# TF2, Gensim을 사용해서 임베딩 공간 탐색

In [1]:
import os
import sys
import tensorflow as tf
from tensorflow.keras import datasets, layers, models, optimizers
import numpy as np
import pandas as pd
import matplotlib.pyplot as plt
from IPython.display import clear_output
from six.moves import urllib
from tensorflow import feature_column as fc
import tensorflow_datasets as tfds
plt.rcParams["font.family"] = 'NanumBarunGothic'
TENSORBOARD_BINARY = '/home/hoondori/anaconda3/envs/ai/bin/tensorboard'
os.environ['TENSORBOARD_BINARY'] =  TENSORBOARD_BINARY
%load_ext tensorboard

gpus = tf.config.experimental.list_physical_devices('GPU')
if gpus:
    # 텐서플로가 첫 번째 GPU만 사용하도록 제한
    # 프로그램 시작시에 메모리 증가가 설정되어야만 합니다
    try:
        tf.config.experimental.set_visible_devices(gpus[0], 'GPU')
        tf.config.experimental.set_memory_growth(gpus[0], True)
    except RuntimeError as e:
        # 프로그램 시작시에 접근 가능한 장치가 설정되어야만 합니다
        print(e)

# Gensim 데이터를 통해서 word2vec 모델 생성 

In [7]:
from gensim.models import KeyedVectors
import gensim.downloader as api
from gensim.models import Word2Vec

dataset = api.load("text8")
model = Word2Vec(dataset)
model.save('text8-word2vec.bin')

In [8]:
from gensim.models import KeyedVectors

# 다시 읽어들이기
model = KeyedVectors.load('text8-word2vec.bin')
word_vectors = model.wv

In [19]:
# voca 확인
print( [x for i, x in enumerate(word_vectors.vocab.keys()) if i < 10] )
print(f'voca size: {len(word_vectors.vocab.keys())}')

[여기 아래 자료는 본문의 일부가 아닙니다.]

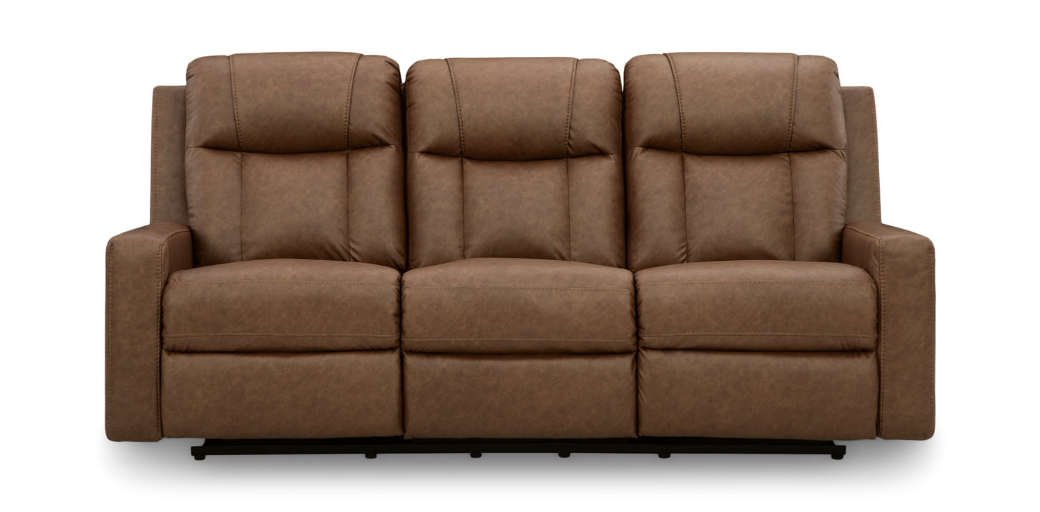 Unwind in style and comfort with the Halina Reclining Sofa from HOM Furniture. This sleek and modern sofa is designed with your relaxation in mind. Crafted with a durable engineered and hardwood frame and a heavy-duty reclining mechanism, this sofa is built to last. The high-resiliency cushion offers the perfect balance of support and softness for hours of cozy lounging. This transitional-style sofa will seamlessly blend into any living space. The easy-to-maintain fabric ensures that your sofa stays looking fresh and new for years to come.

['anarchism', 'originated', 'as', 'a', 'term', 'of', 'abuse', 'first', 'used', 'against']
voca size: 71290


In [21]:
# 특정 단어와 유사한 단어 검색 
#  word_vectors.similar_by_word("king")[:5] 과 동일
word_vectors.most_similar("king")[:5]

[('queen', 0.7446538209915161),
 ('prince', 0.7367112636566162),
 ('throne', 0.6983506679534912),
 ('emperor', 0.6961647272109985),
 ('kings', 0.6851218938827515)]

In [25]:
# analogy로 유사 단어 검색 
#  파리:프랑스 :: 베를린:독일   => 프랑스 - 파리 + 베를린 = 독일
#  king:man :: queen:woman    => man - king + queen = woman
word_vectors.most_similar(positive=["france","berlin"], negative=["paris"])[:5]

[('germany', 0.7759740948677063),
 ('russia', 0.7300741076469421),
 ('austria', 0.6964518427848816),
 ('finland', 0.6880278587341309),
 ('hungary', 0.6857718229293823)]

In [26]:
# cosmul similarity로 측정한 유사도 기반 
word_vectors.most_similar_cosmul(positive=["france","berlin"], negative=["paris"])[:5]

[('germany', 0.9602494239807129),
 ('russia', 0.9475181102752686),
 ('finland', 0.9272105693817139),
 ('lithuania', 0.91187983751297),
 ('austria', 0.9082432985305786)]

In [29]:
word_vectors.most_similar_cosmul(positive=["man","queen"], negative=["king"])[:5]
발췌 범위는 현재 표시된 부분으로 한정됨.